◆ EXERCISE PROMPT:
Once the line containing "Jasnoróżowa damska bluzka" appears, output it and each remaining line of the records below exactly, with no pictures and nothing more.
== INPUT MATERIAL
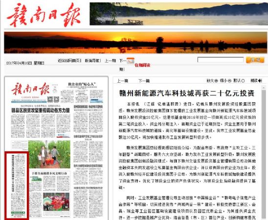 《贛南日報》:贛州新能源汽車科技城再獲二十億元投資
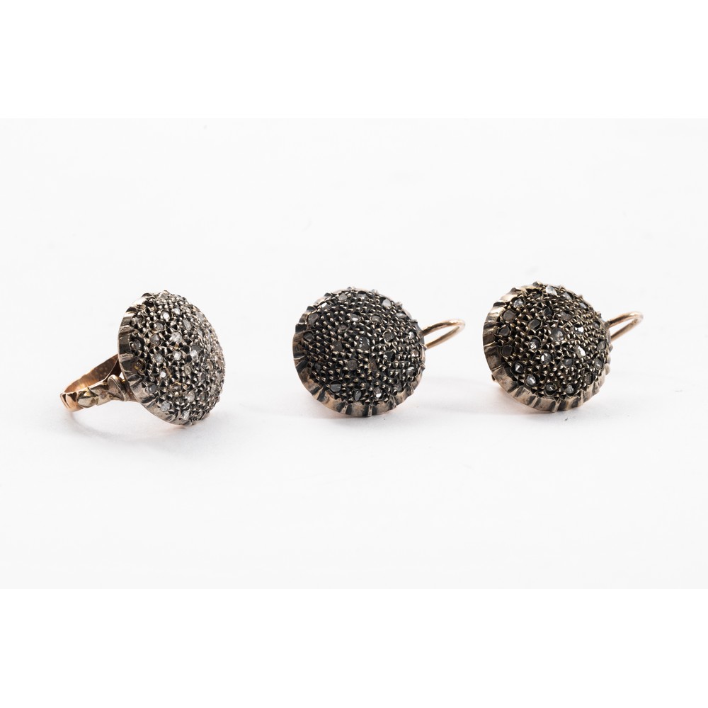 PARURE composta da anello e orecchini a toppa in oro giallo 9 KT e argento con diamanti ct. 1,30 peso di stima (g. 19,40) (un diamante mancante).
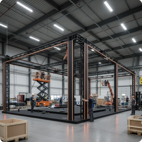 Niezależnie od tego, czy wystawiasz się w Berlinie, Paryżu, Amsterdamie czy Warszawie — dostarczamy Twoje stoisko na czas i montujemy je w zaledwie 1–2 godziny, abyś mógł rozpocząć bez żadnych opóźnień.
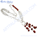 Silver chain necklace with red coral beads, a stylish jewelry piece for women.
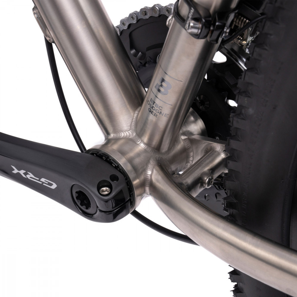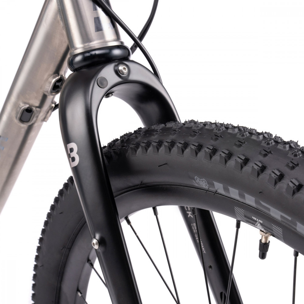 Le Bombtrack Hook Titane EXT Ti est fait de titane 3AI-2.5V, le matériau parfait pour un gravel. Le titane résiste comme rien d’autre et ne rouille pas. Il est léger, ne se raye pas quand vous mettez des sacs dessus, et il a cette réaction particulière quand vous poussez fort sur les pédales.
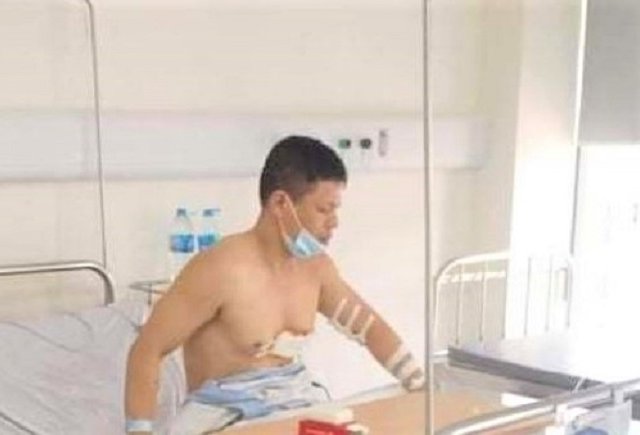Tài xế taxi Nguyễn Trần Minh kể lại tên cướp ngồi sau xe rút một con dao chọc tiết lợn đâm trúng ngực anh, sau đó cả 2 vật lộn, giằng co trong xe.
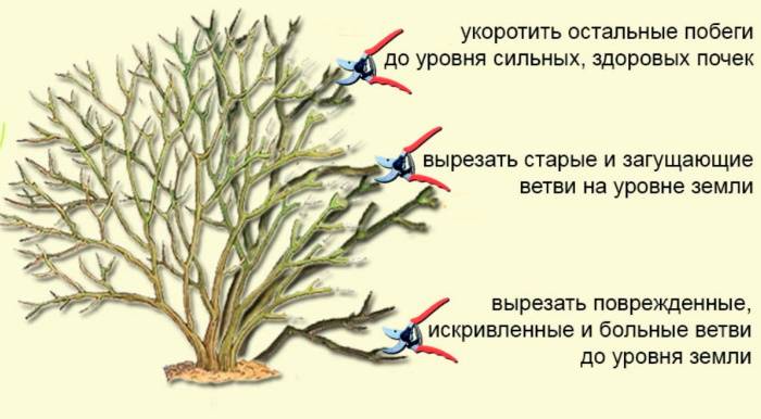 10 giorni dopo la potatura, i cespugli vengono trattati con prodotti biologici fungicidi, una soluzione di solfato ferroso o liquido bordolese da marciume e insetticidi da parassiti. Il terreno nel cerchio delle radici viene scavato con il turnover della cucitura e versato con mezzi da funghi e insetti che svernano.
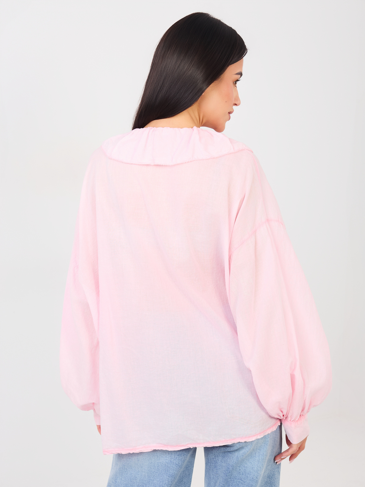 Jasnoróżowa damska bluzka z bufiastymi rękawami
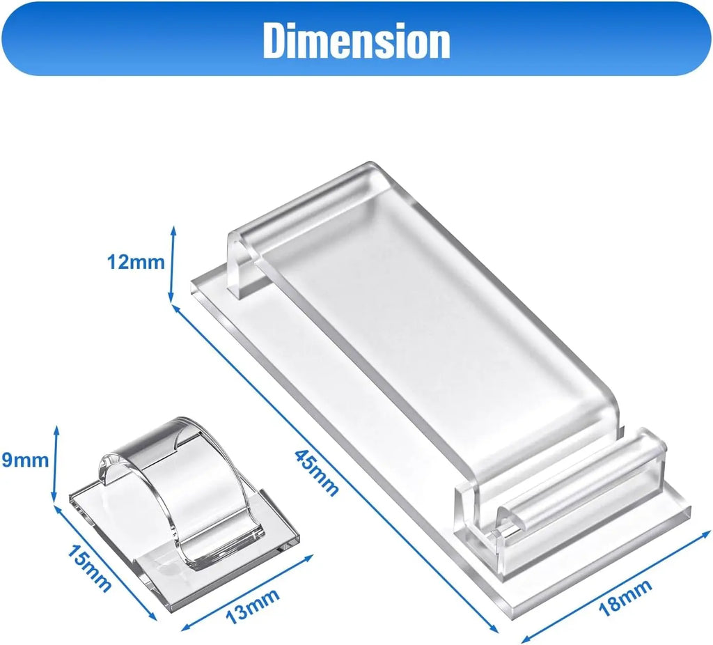Die Kabelhalter bestehen aus robustem Kunststoff und sind in drei Farben erhältlich: Weiß, Schwarz und Transparent. Die großen Halter sind leicht milchig-transparent und passen sich gut an die Umgebung an. Die Installation ist denkbar einfach: Die selbstklebenden Clips werden einfach auf sauberen Oberflächen befestigt, ohne Bohren oder Schrauben. Kabel können einzeln oder in Bündeln sicher fixiert werden.
====
◆ ANSWER SPACE:
 Jasnoróżowa damska bluzka z bufiastymi rękawami
Die Kabelhalter bestehen aus robustem Kunststoff und sind in drei Farben erhältlich: Weiß, Schwarz und Transparent. Die großen Halter sind leicht milchig-transparent und passen sich gut an die Umgebung an. Die Installation ist denkbar einfach: Die selbstklebenden Clips werden einfach auf sauberen Oberflächen befestigt, ohne Bohren oder Schrauben. Kabel können einzeln oder in Bündeln sicher fixiert werden.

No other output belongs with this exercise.